Work instruction
An exact reproduction is required of the lines from the beginning of the entries through the line with "Passengers take photos", pictures excluded and nothing added.

Collected data entries
+ + + + +

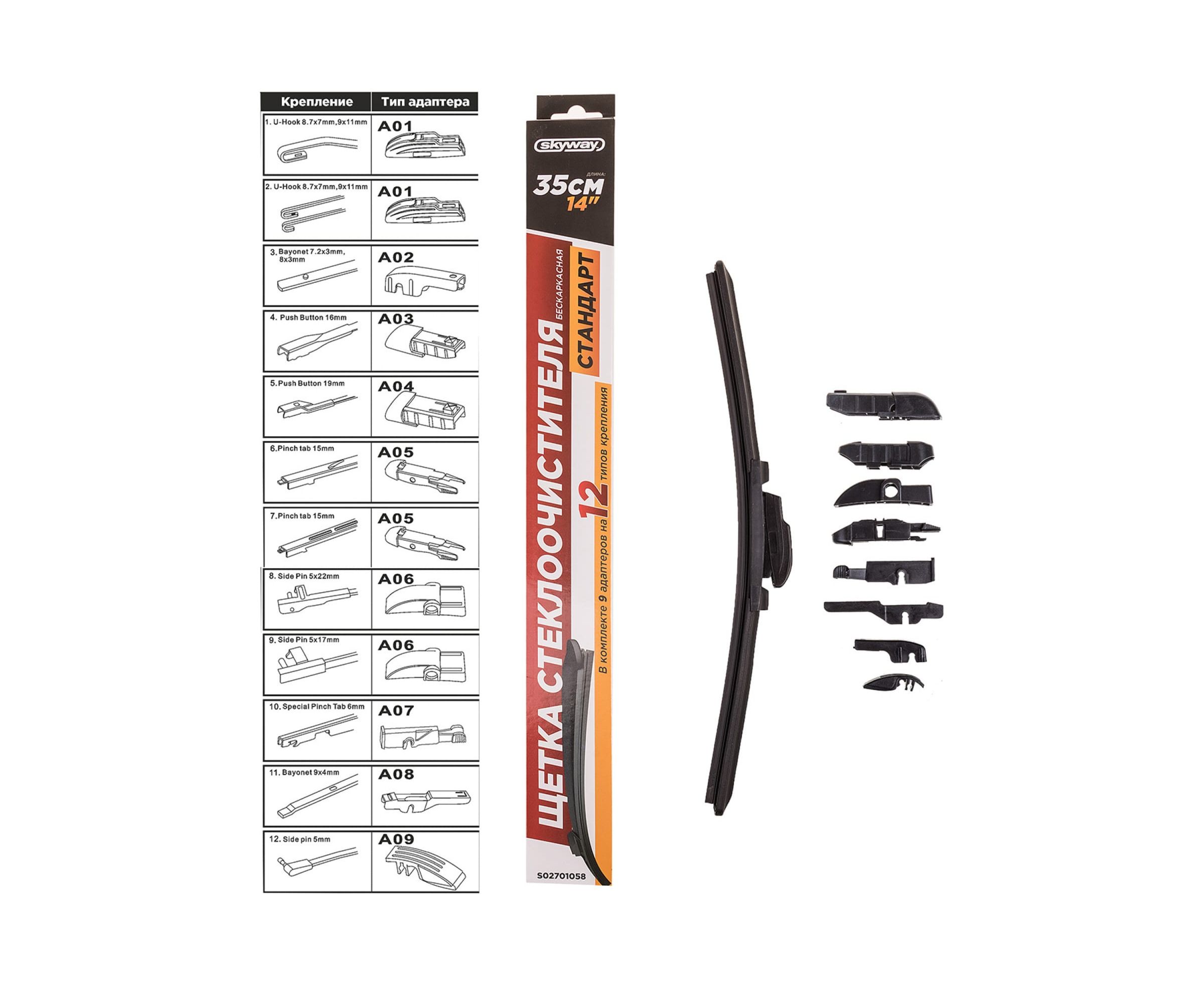 Бескаркасная щетка стеклоочистителя SKYWAY стандарт 9 адаптеров S02701058
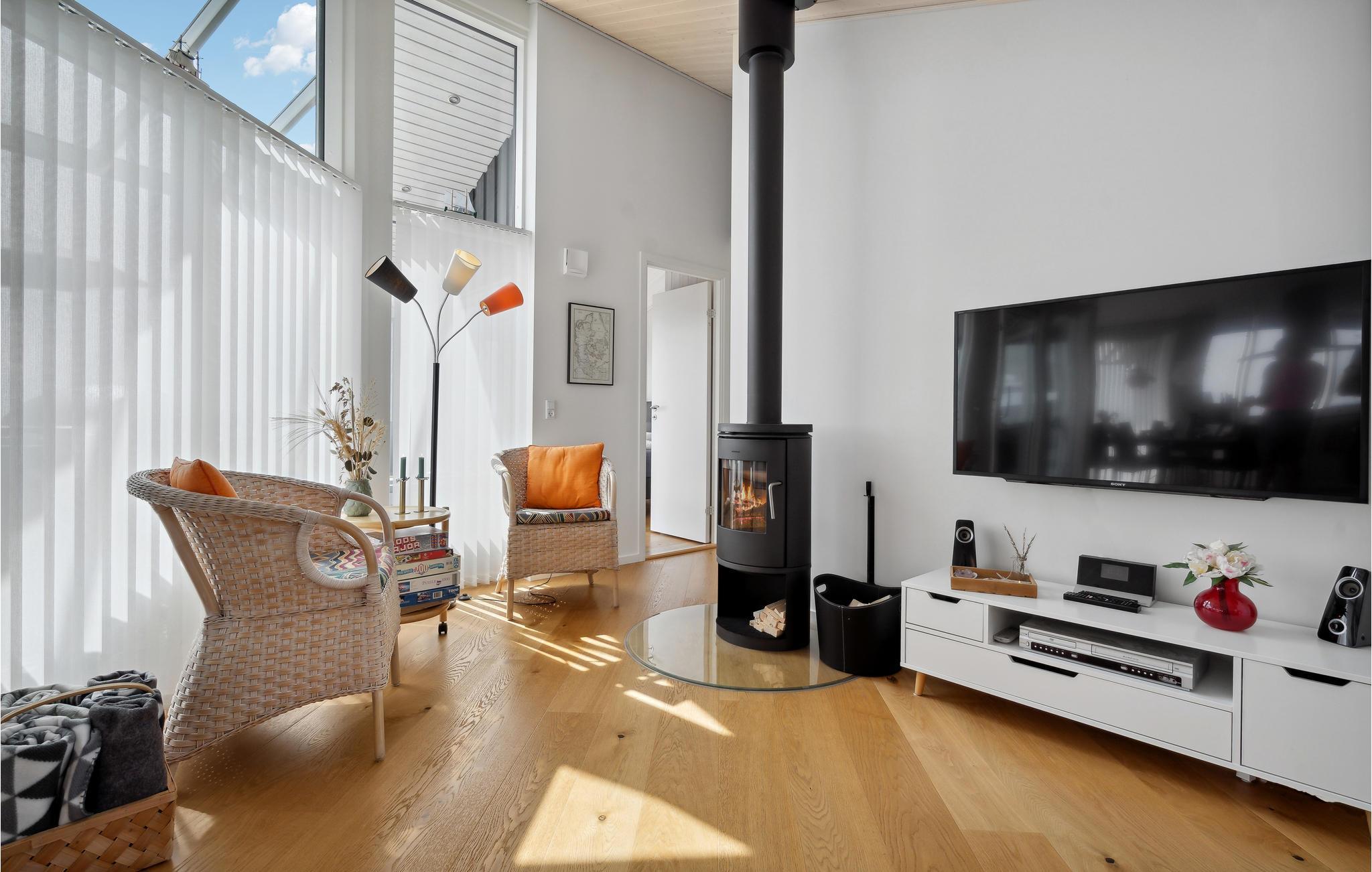 Huset har en fantastisk beliggenhed ved havet og giver jer optimale rammer for en afslappende ferie med mange dage på stranden. Stilen er moderne og kvalitetsbevidst med dejligt store lysindfald og den fremragende udsigt, som kan ses fra flere rum. Tilbered lækre feriemåltider, nyd måltiderne sammen i fred og ro og sæt dig godt til rette i sofaen, mens ilden knitrer hyggeligt i brændeovnen.
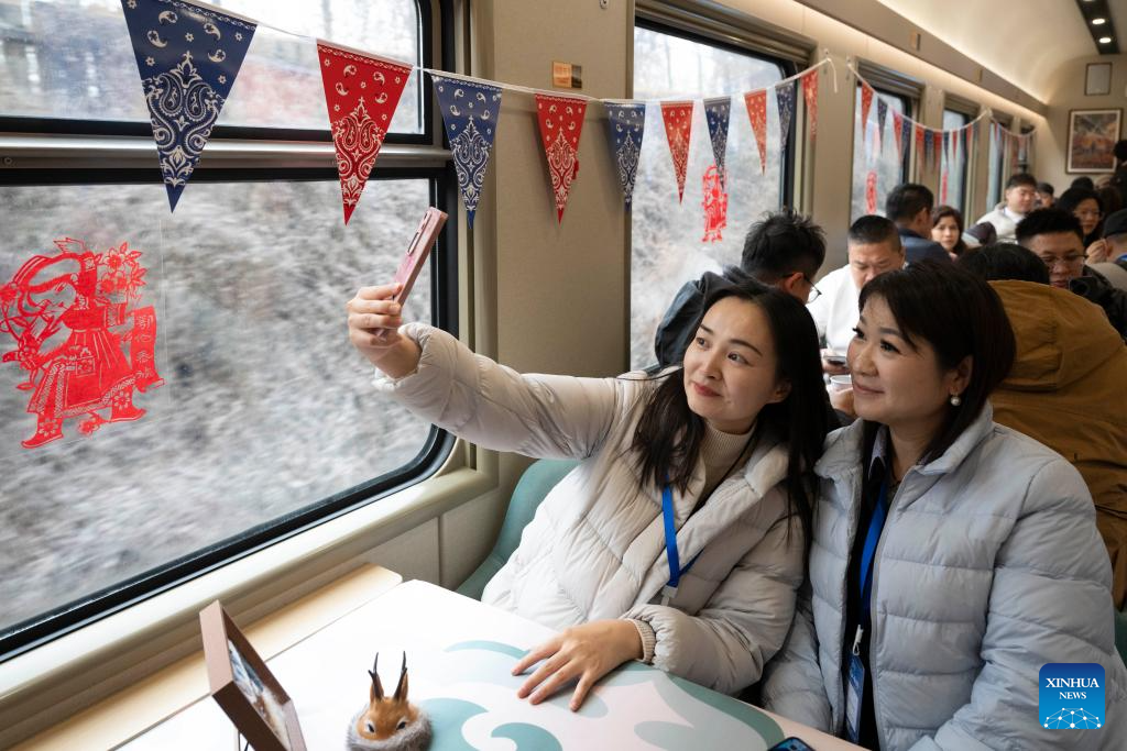 Passengers take photos onboard the Train Y783 on Nov. 26, 2025. Train Y783, an ice-and-snow themed tourism train, was launched at Harbin Railway Station and started a six-day trip on Wednesday. The train showcases the charm of northeastern China through themed decorations, tour guide services and interactive activities, in an effort to promote winter tourism and inject new vitality into ice and snow economy. (Xinhua/Zhang Tao)
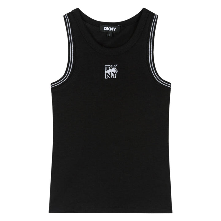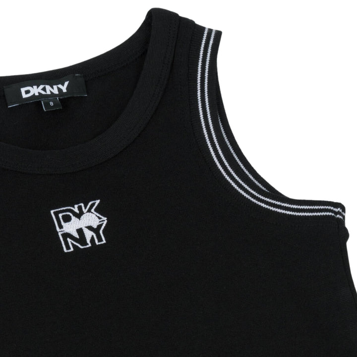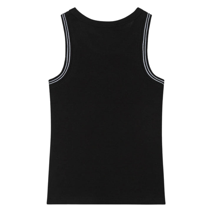 Inspired by the adult collection, this black vest top for girls is by DKNY. Made in soft, comfortable jersey, it has black and white striped, ribbed detailing and an embroidered heart logo on the front.
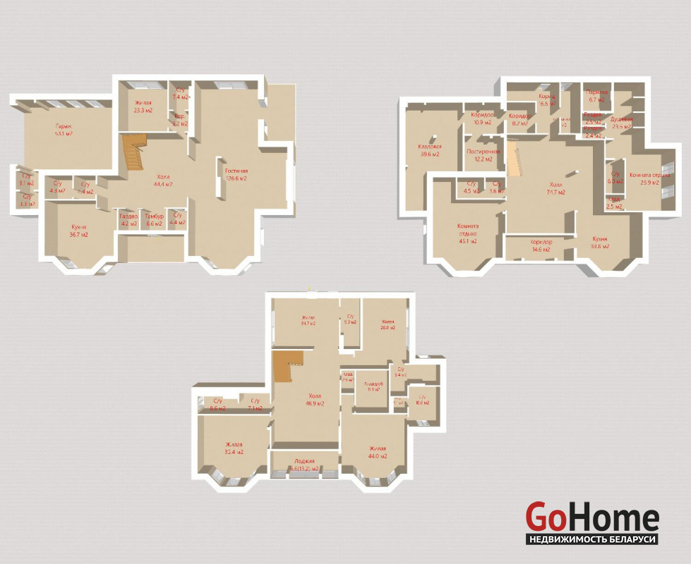Комплекс, площадью 1100 м.кв., включает 3 здания:
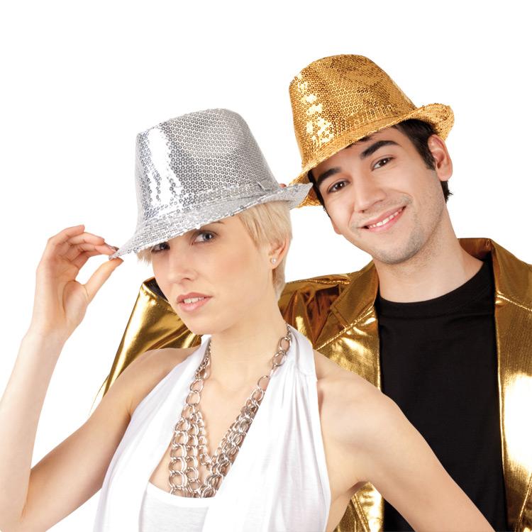 Dieser Hut macht aus jedem einen Popstar! Keine Band, kein Popstar, der ohne diese Art von Hut auskommt. Dieser Popstar-Hut ist mit seinen glitzernden Pailletten eine besonders glamouröse Variante und schickt Sie direkt in die Glanz- und Glamour-Welt. Wir bieten den Hut in den Farben Gold und Silber an. Der Hut ist übersät mit goldenen bzw. silbernen Pailletten, zwischen denen es metallisch in der gewählten Farbe hervorblitzt.
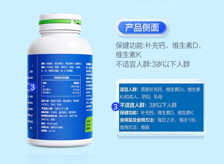 商品名称:汤臣倍健钙维生素D维生素K软胶囊200粒*2瓶
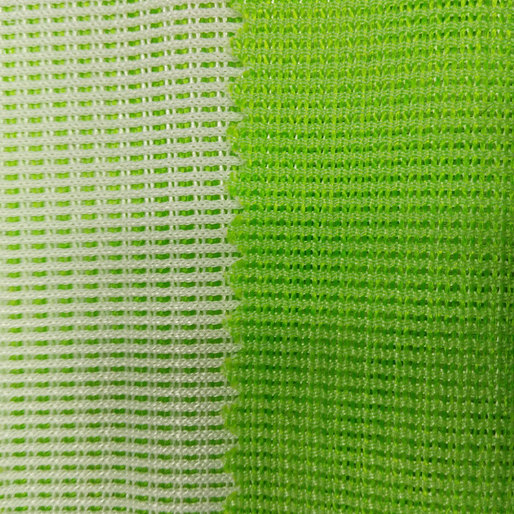 雙色網(wǎng)布,是一種雙針床經(jīng)編網(wǎng)布,由網(wǎng)孔表面,連接單絲,平布底面組成.因其立體網(wǎng)布的結(jié)構(gòu),正反兩面顏色
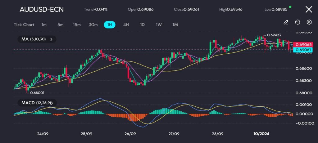 - The AUDUSD reached $0.6928, nearing multi-month highs, supported by positive domestic data and Chinese stimulus hopes.
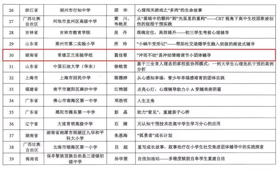 常德日報記者 裴維維 通訊員 魏來 文/圖 近日,教育部學(xué)生服務(wù)與素質(zhì)發(fā)展中心公布“向陽花學(xué)生心理健康促進行動”典型案例征集評選結(jié)果,全國101個案例脫穎而出,湖南省2個案例成功入選。其中,常德芷蘭實驗學(xué)校心理健康學(xué)科教研負責(zé)人翦佳蓉撰寫的案例——《“沖而不動”易沖動情緒調(diào)節(jié)小團體輔導(dǎo)》被評為典型案例。
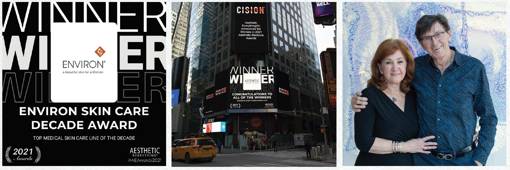エンビロンは、2018年、2019年、2020年と3年連続でAesthetic and Cosmetic MedicineAwards(美容医療賞)でトップメディカルスキンケアラインを受賞。そして2021年、ついにトップ賞であるトップメディカルスキンケアラインディケード賞を受賞した。
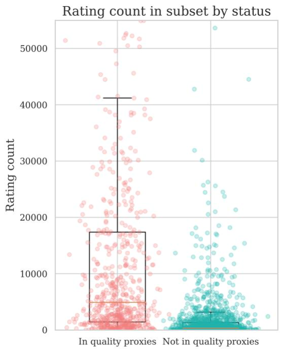 [31]In figure 6, we see that a much larger portion of quality titles place above the subset mean compared to the non-quality group. Still, a considerable part of the ›quality‹ group – approximately ⅓ of the group – does not have a high rating count, indicating works of what we might call ›indecisive quality‹, That is, they are valued highly beyond Goodreads (contained in other quality proxies), but they do not seem to garner much attention on Goodreads, neither in terms of rating nor in terms of higher rating count.
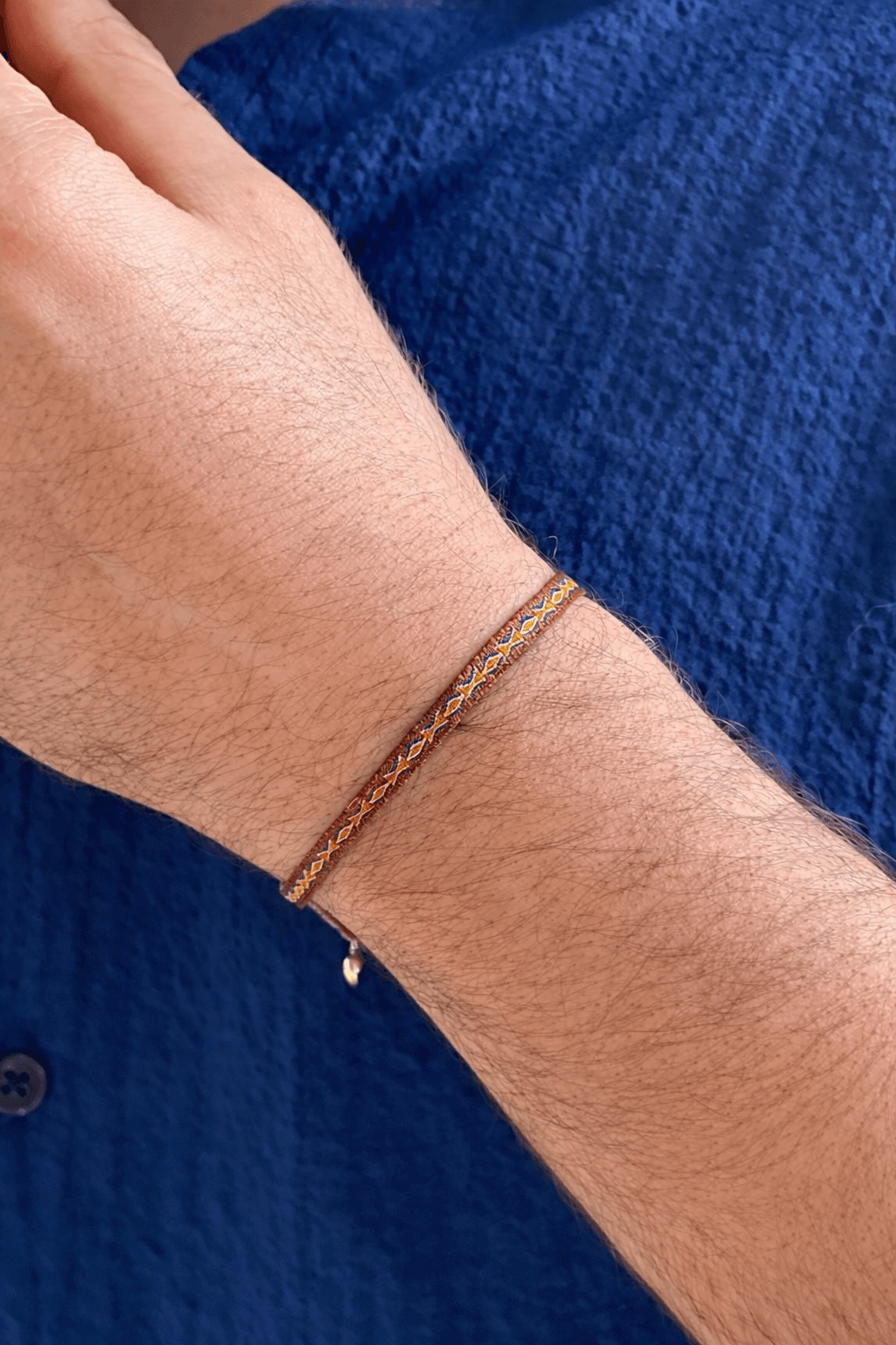 The Burnt Orange Fabric Men’s Bracelet features a modern woven design in a rich burnt orange tone, adding a warm and stylish touch to your look. Made from durable fabric with an adjustable knot closure, this men’s bracelet in Egypt offers a flexible fit, lightweight comfort, and is perfect for everyday wear, casual outfits, or layering with other bracelets.
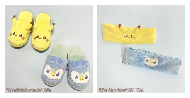 お部屋での時間を大好きなポケモンたちと一緒に過ごせる、ルームアイテムが登場します。ふわふわ素材が可愛いスリッパはピカチュウ&ポッチャマの2種展開です。キュートなヘアバンドは忙しい朝のテンションを上げてくれるアイテムです。
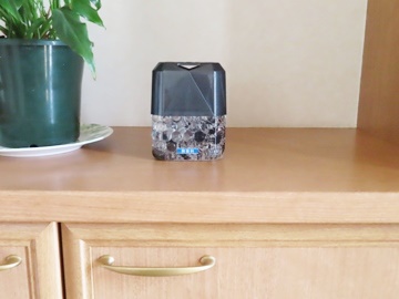 カラーがブラックの四角いフォルムの中に大きくて丸いブラックと透明の消臭ビーズが入っています。

+ + + + +

Result of this task
 Бескаркасная щетка стеклоочистителя SKYWAY стандарт 9 адаптеров S02701058
 Huset har en fantastisk beliggenhed ved havet og giver jer optimale rammer for en afslappende ferie med mange dage på stranden. Stilen er moderne og kvalitetsbevidst med dejligt store lysindfald og den fremragende udsigt, som kan ses fra flere rum. Tilbered lækre feriemåltider, nyd måltiderne sammen i fred og ro og sæt dig godt til rette i sofaen, mens ilden knitrer hyggeligt i brændeovnen.
 Passengers take photos onboard the Train Y783 on Nov. 26, 2025. Train Y783, an ice-and-snow themed tourism train, was launched at Harbin Railway Station and started a six-day trip on Wednesday. The train showcases the charm of northeastern China through themed decorations, tour guide services and interactive activities, in an effort to promote winter tourism and inject new vitality into ice and snow economy. (Xinhua/Zhang Tao)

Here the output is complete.